I can not help but share a graph showing what all these innovations lead to. On the graph - the time of pumping 10 GB of data through the loop interface, depending on the version of the kernel. Less is better. The source is the same, the test bench is the same.

In any case, although select () has certain limitations (in particular, on the number of files in one request), using this function and non-blocking I / O mode is a way to transfer all work to the operating system in three dozen lines of code and simply process it your data. In most cases, the thread responsible for non-blocking I / O will consume only a couple of percent of the processing power of one core. Performing all calculations, the internal threads of the kernel of the operating system “eat up” dozens of times more.

Let's go back to reducing the number of threads.
So, in the daemon there are a large number of objects of the “connection” class, and there is a set of operations that need to be applied to each connection object, and in the right order.

In multi-threaded architecture, a separate thread is created for each connection object, and operations are naturally performed in blocking mode in the desired sequence.

In an architecture with non-blocking I / O, a stream is created for each operation, which is sequentially applied to different objects. This is a bit like SIMD instructions like MMX and SSE: one instruction is applied to several objects at once. To withstand the necessary sequence of operations (that is, first calculate the result, and then send it), job queues between threads are created in the general memory of the process. Typically, queues are created on the basis of ring buffers, which in this case can be implemented in a "non-blocking" way.
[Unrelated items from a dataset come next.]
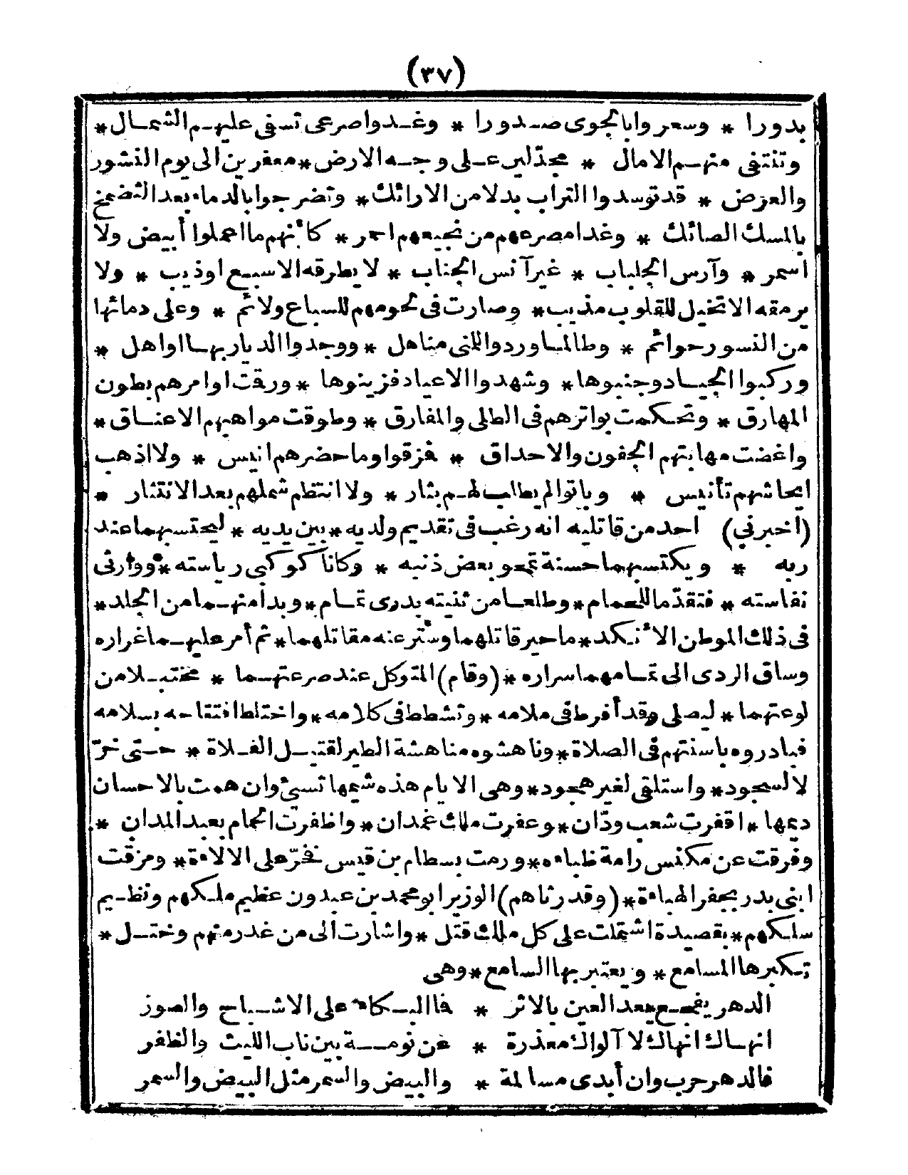 بدوراً، وسعروا بالجوى صدوراً، وغدوا صرعى تسفي عليهم الشمال، وتنفي منهم الآمالا، مجدلين على وجه الأرض، معفرين إلى يوم النشور والعرض، وقد توسدوا التراب بدلاً من الآرائك، وتضرجوا بالدماء بعد التضمخ بالمسك الصائك، وغدا مضرعهم من نجيعهم أحمر، كأنهم ما أعملوا أبيض ولا أسمر، وأرس الجلباب، غير انس الجناب، لا يطرقه إلا سبع أو ذيب، ولا يرمقه إلا تخيل للقلوب مذيب، وصارت في لحومهم للسباع ولائم، وعلى دمائهم من النسور حوائم، وطالما وردوا للمنى مناهل، ووجدوا الديار بها أواهل، وركبوا الجياد وجنبوها، وشهدوا الأعياد فوزينوها، ورقمت أوامرهم بطون المهارق، وتحكمت بواترهم في الطلى والمفارق، وطوقت مواهبهم الأعناق، وأغصت مهابتهم الجفون والأحداق، فمزقوا وما حضرهم أنيس، ولا أذهب إيحاشهم تانيس، وباتوا لم يطلب لهم بثار، ولا انتظم شملهم بعد الانتثار. أخبرني أحد قاتليه أنه رغيب في تقديم ولديه، بين يديه، ليحتسبهما حسنة تمحو بعض ذنبه، وكانا كوكبي رياسته، ووارثي نفاسته، فتقدما للحمام، وطلعا من ثنيته بدري تمام، وبدا منهما من الجلد، في ذلك الموطن الأنكد، ما حير قاتلهما وستر عنه مقاتلهما، ثم أمر عليهما غرارة، وساق الردى إلى تمامهما سراره، وقام المتوكل عند صرعتهما، مختبلاً من لوعتهما، ليصلي وقد أفرط في ملامه، وتشطط في كلامه، واختلط افتتاحه بسلامه، فبادروه بأسنتهم في الصلوة، وناهشوه مناهشة الطير لقتيل الفلاة، حتى خر لا لسجود، واستلقى لغير هجود، وهي الأيام هذه شيمها، تسيء وإن همت بالإحسان ديمها، أفقرت شعب ودان، وعفرت ملك غمدان، وأظفرت الحمام بعبد المدان، وفرقت عن مكنس رامة ظباءة، ورمت بسطام بن قيس مخر على الالآءة، ومزقت أبني بدر بجفر الهباءة، وقد رثاهم الوزير أبو محمد ابن عبدون عظيم ملكهم، ونظيم سلكهم، بقصيدة اشتملت على كل ملك قتل، وأشارت إلى من غدر منهم وختل، تكبرها المسامع، ويعتبر بها السامع، وهي: بسيط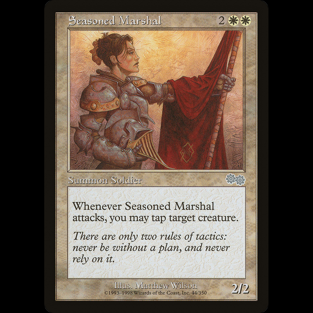 Whenever Seasoned Marshal attacks, you may tap target creature.
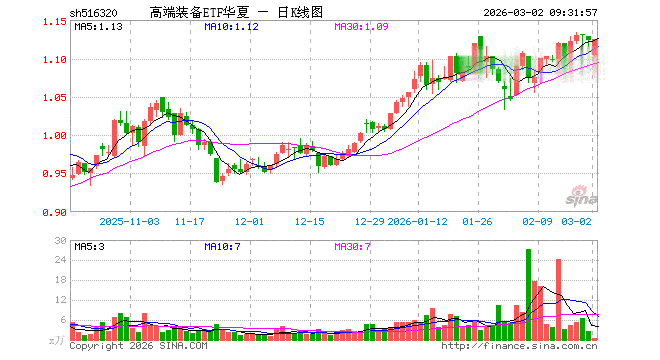 3月2日,高端装备ETF华夏(516320)开盘跌1.69%,报1.104元。高端装备ETF华夏(516320)重仓股方面,宁德时代开盘跌0.30%,阳光电源跌1.67%,中国船舶涨0.93%,汇川技术跌1.60%,三一重工跌0.65%,特变电工跌1.25%,隆基绿能跌1.91%,徐工机械跌1.39%,思源电气跌0.40%,潍柴动力跌1.29%。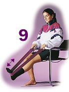 Auf dem Stuhl sitzend gegen den Zug der Bänder Pendelbewegungen im Kniegelenk

In a real network service, between reading the request and sending the result, there will be a rather complicated branched processing algorithm, possibly including calling the application server, DBMS or other “heavy” operations, as well as a full set of branches, loops, error handling at every step, etc. Break it all down into a previously unknown number of threads running simultaneously, and even so that the load on the processor cores is approximately the same - this is the highest level of developer skills that requires masterly mastery of all aspects of system programming. In most cases, they make it much simpler: they enclose everything that is between read () and write () in a separate stream, and start N = the number of cores of copies of this stream. And then crutches are invented for clinch members competing for resources, killing DBMSs, etc.

5. Asynchronous I / O

If you do not understand the difference between asynchronous and synchronous functions, then for simplicity you can assume that the asynchronous function is executed in parallel and simultaneously with the program that called it, for example, on the neighboring kernel. On the one hand, the calling program does not need to wait for the end of the calculations and it can do something useful. On the other hand, when the results of the asynchronous function are ready, you need to somehow inform the customer program about this. The way this message occurs is implemented in different OSs in very different ways.
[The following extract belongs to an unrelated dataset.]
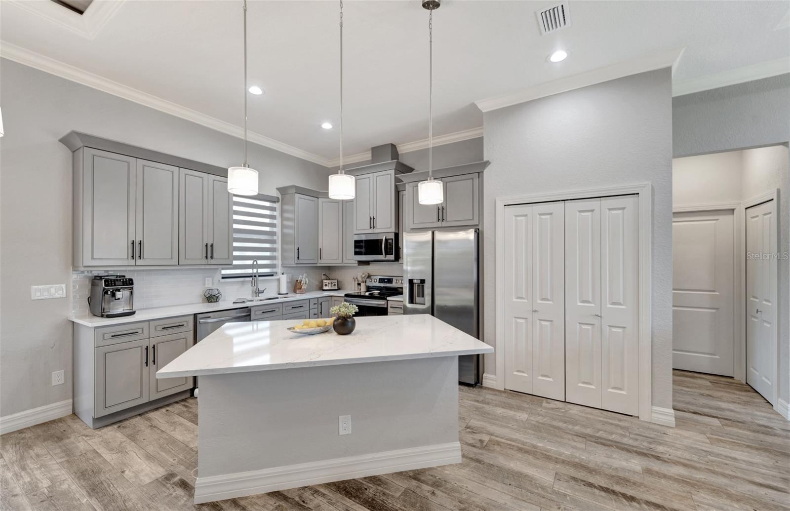Seller is offering assistance with closing costs! No HOA and no deed restrictions! Welcome to this nearly new custom-built home, thoughtfully crafted with high-end finishes and upgrades throughout. From elegant lighting fixtures to custom baseboards and crown molding, no detail was overlooked. Beautiful inside and out, with plenty of space to add a pool and create your own backyard oasis. Step inside to find durable porcelain tile flooring throughout, a spacious open-concept kitchen featuring solid wood cabinetry and stunning quartz countertops — perfect for entertaining. The home also includes an electric car charger for added convenience. Centrally located near top-rated elementary, middle, and high schools, and just minutes from Warm Mineral Springs, Walmart, Starbucks, Lowe’s, the YMCA, and the Waterpark. Whether you're starting a family or settling down, this home offers comfort, style, and endless possibilities. Welcome home!

Historically, one of the first operating systems to support asynchronous I / O was Windows 2000.
A typical use case was this: a single-threaded application (there were no multi-core processors then) downloads, for example, a large file for tens of seconds. Instead of freezing the interface and the “clock” that would have been observed with the synchronous call to read (), in the asynchronous version the main program flow does not “hang”, you can make a beautiful progress bar that displays the loading process, and the “cancel” button.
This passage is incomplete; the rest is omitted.